Python NLP for Portuguese
Project description
NLPyPort
The NLPy_Port is a pipeline assembled from the NLTK pipeline, adding and changing its elements for better processing the portuguese that were previouslly created for the NLPPort pipeline. It suports at the moment the taks of Tokenization, PoS Tagging , Lemmatization and Named Entity Recognition
Instalation
Installing NLPyPort should be as simple as installing the requirements or installing the module via pip (pip install NLPyPort). However, some other configurations may be necessary.

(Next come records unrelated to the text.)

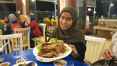 Habis sahaja shopping kami di bawa ke tingkat atas di mana terdapatnya restoran makanan laut yang halal milik orang Islam.  Seperti biasa, makanan yang dihidangkan terlalu banyak sehingga kami tidak lagi mampu untuk menghabiskannya.  Selesai makan kami pulang ke hotel.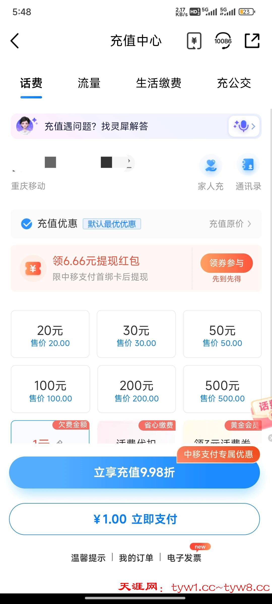 用移动卡的快去,先到先得6.66红包 点话费充值那里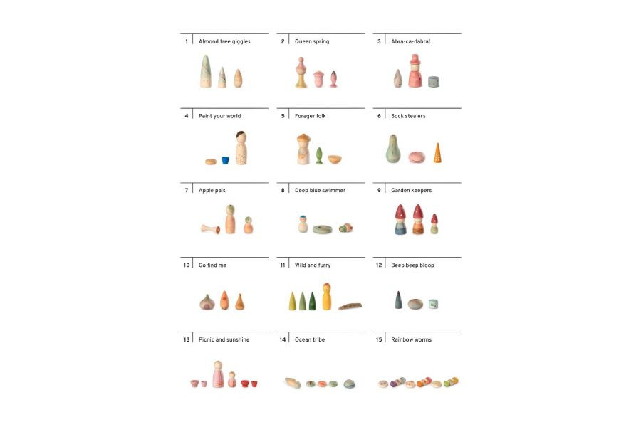 15 különböző zsákbamacska, mindegyik külön kis dobozba rejtve – tele örömmel, játékossággal és felfedeznivalóval. Gyűjthetők, cserélhetők, megoszthatók, vagy akár továbbadhatók – ahogy csak szeretnétek! Minden doboz egy apró kaland: egy kis titok, ami csak kibontásra vár, és egy új kis világ, amely a képzeletet hívja játszani.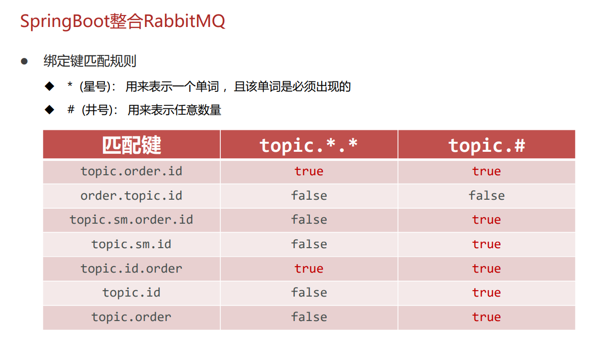 package com.ganga.topic.config;import org.springframework.amqp.core.Binding;import org.springframework.amqp.core.BindingBuilder;import org.springframework.amqp.core.Queue;import org.springframework.amqp.core.TopicExchange;import org.springframework.context.annotation.Bean;import org.springframework.context.annotation.Configuration;@Configuration public class TopicExchangeConfig { @Bean public Queue queueTopic () { return new Queue ("topic_queue_uid" ); } @Bean public Queue queueTopic2 () { return new Queue ("topic_queue2_uid" ); } @Bean public TopicExchange topicExchange () { return new TopicExchange ("topicExchange" ); } @Bean public Binding topicBinding () { return BindingBuilder .bind(queueTopic()).to(topicExchange()).with("topic.user.*" ); } @Bean public Binding topicBinding2 () { return BindingBuilder .bind(queueTopic2()).to(topicExchange()).with("#.uid" ); } }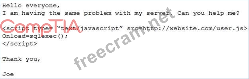 Which of the following BEST describes the attack that was attempted against the forum readers?

If your NLTK version is above 3.4.5, install the version 3.4.5 by running:
>>> pip install nltk==3.4.5
If you installed NLTK and do not have downloaded the "Floresta" corpus, run the following commands:
>>> import nltk
>>> nltk.download('floresta')
Usage
In order to simplify the usage of the NLPyPort pipeline, some structural changes were made. The “exemplo.py” file shows exemples os several use cases.
How to use the pipeline
Depending on the planed usage, the pipeline may be called in three different ways:
1 - Default
text = new_full_pipe( your_input_file )
2 - Optional arguments
text = new_full_pipe( your_input_file , options = options )
3 - Optional arguments and pre-load pipeline
config_list = load_congif_to_list() # Pre-load the pipeline
text=new_full_pipe( your_input_file , options = options , config_list = config_list)
Available options
"tokenizer" : True -> Perform Tokenization
"pos_tagger" : True -> Perform Pos Tagging
"lemmatizer" : True -> Perform Lemmatization
"entity_recognition" : True -> Perform NER
"np_chunking" : True -> Perform NP Chunking
"pre_load" : False -> Preload the pipeline, needs the additional argument “config_list”
"string_or_array" : True -> Set input as being an array or a string
Returned text
In case of success, the pipeline will return an object of the “Text” class. The properties of this are as follow: text.tokens text.pos_tags text.lemas text.entities text.np_tags
Additionally, there is a method to return the pipeline in the CoNNL Format: text.print_conll()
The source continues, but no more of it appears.